Import a CSV file

This page describes how to import a CSV file into an AlloyDB database.

The procedure to perform the import involves these tasks:

  1. Upload the CSV file to a Cloud Storage bucket.

  2. Prepare a client host to perform the import operation.

  3. Import the CSV file into the database.

  4. Clean up the resources created to perform the procedure.

Before you begin

  • You must have the Owner (roles/owner) or Editor (roles/editor) basic IAM role in the Google Cloud project you are using, or you must have these predefined IAM roles:
    • AlloyDB Admin (roles/alloydb.admin) or AlloyDB Viewer (roles/alloydb.viewer)
    • Storage Admin (roles/storage.admin)
    • Compute Instance Admin (v1) (roles/compute.instanceAdmin.v1)

Upload the CSV file

To upload the CSV file, you create a Cloud Storage bucket and then upload the CSV file to that bucket.

  1. Create a standard storage, regional storage bucket in the project and region where your AlloyDB database is located.

  2. Upload the CSV file to the storage bucket you created.

Prepare a client host

To prepare a client host to perform the import operation, you create a Compute Engine VM that can connect to the AlloyDB primary instance where your database is located, and install the psql and gsutil tools on that VM.
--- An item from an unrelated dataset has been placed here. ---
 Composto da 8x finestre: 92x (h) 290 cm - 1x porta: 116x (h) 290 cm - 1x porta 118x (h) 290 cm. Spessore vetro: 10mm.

  1. Follow the instructions Connect a psql client to an instance to create a Compute Engine VM with the proper connectivity and the psql tool installed. When following these instructions, make sure to allocate enough local storage to the Compute Engine VM to accommodate the CSV file you are importing.
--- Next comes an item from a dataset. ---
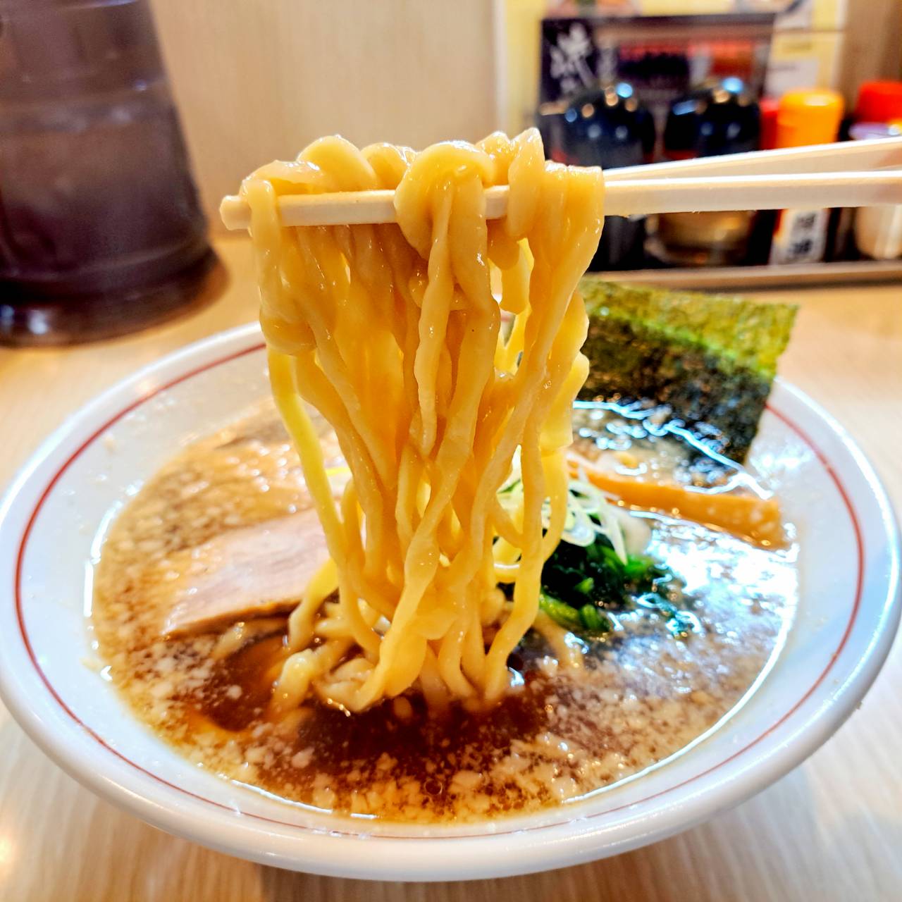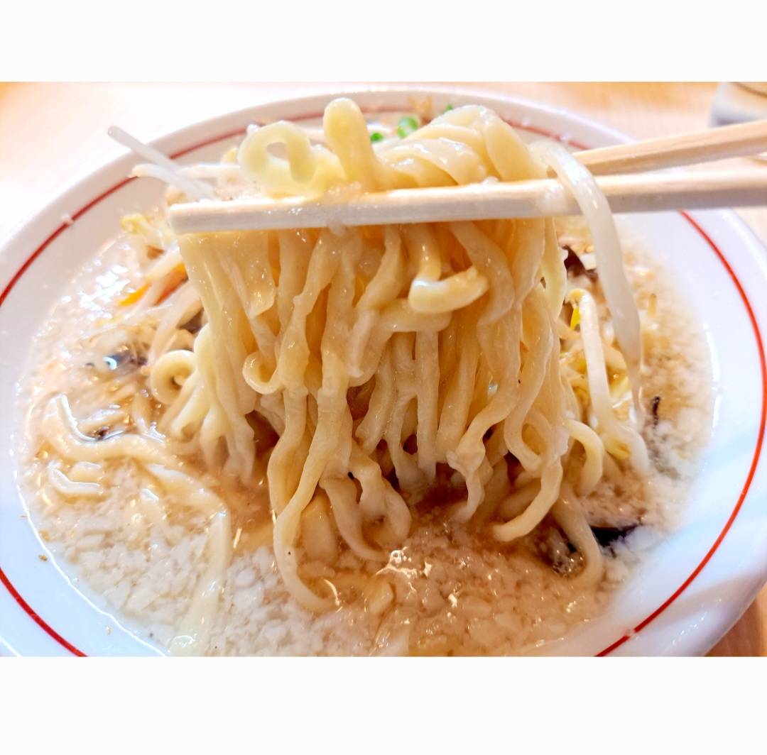 ツルッとモチモチの太麺が煮干し出汁の効いた背脂能生まみを感じるスープによく合い美味しいです✨

  2. Install the gsutil tool to provide command-line access to the CSV file in the Cloud Storage bucket.

Import the CSV file

To import the CSV file, you get the IP address of the AlloyDB primary instance where your database is located and then use the psql tool to create a table to contain the CSV data and then import it.

  1. Get the IP address of the AlloyDB primary instance where your database is located by viewing its details.
  2. SSH into the Compute Engine VM.

    Console

    1. In the Google Cloud console, go to the VM instances page.

      Go to VM instances

    2. In the list of virtual machine instances, click SSH in the row of the instance you created.

      SSH button next to instance name.

    gcloud

    Use the gcloud compute ssh command to connect to the instance you created.

    gcloud compute ssh --project=PROJECT_ID --zone=ZONE VM_NAME

    Replace the following:

    • PROJECT_ID: The ID of the project that contains the instance.
    • ZONE: The name of the zone in which the instance is located.
    • VM_NAME: The name of the instance.
  3. Copy the CSV file to the client host's local file system:
    gsutil cp gs://BUCKET_NAME/CSV_FILE_NAME .
    
  4. Import the CSV file:
    1. Run the psql client tool and then, at the psql prompt, connect to the database:
      psql -h IP_ADDRESS -U postgres
      \c DB_NAME
      

      You will be prompted to enter the password of the postgres user.

      • IP_ADDRESS: The IP address of the primary instance.
      • DB_NAME: The name of the database you want to store the CSV data in.
    2. Create a table to contain the CSV data; for example:
      CREATE TABLE weather (
        city     varchar(80),
        temp_lo  int,
        temp_hi  int,
        prcp     real,
        date     date
      );
      

      The CREATE TABLE statement above is for illustration purposes only; you create a table whose columns match your CSV data.

    3. Import the data from the CSV file:
    \copy TABLE_NAME(COLUMN_LIST)
      FROM 'CSV_FILE_NAME'
      DELIMITER ','
      CSV HEADER
    ;
    
    • TABLE_NAME: The name of the table you created in the previous step.
    • (COLUMN_LIST): A comma-separated list of the names of the table columns to import data into, in the order the data appears in the CSV file.
    • CSV_FILE_NAME: The CSV file.
    • HEADER: Indication that the CSV file contains a header line to be ignored. If it does not, omit this parameter.

    The \copy command in psql takes the same options and arguments as PostgreSQL's COPY command for controlling the data import operation.

Clean up resources

After successfully importing the CSV file, you can delete the Cloud Storage bucket and delete the Compute Engine VM you used during the import procedure.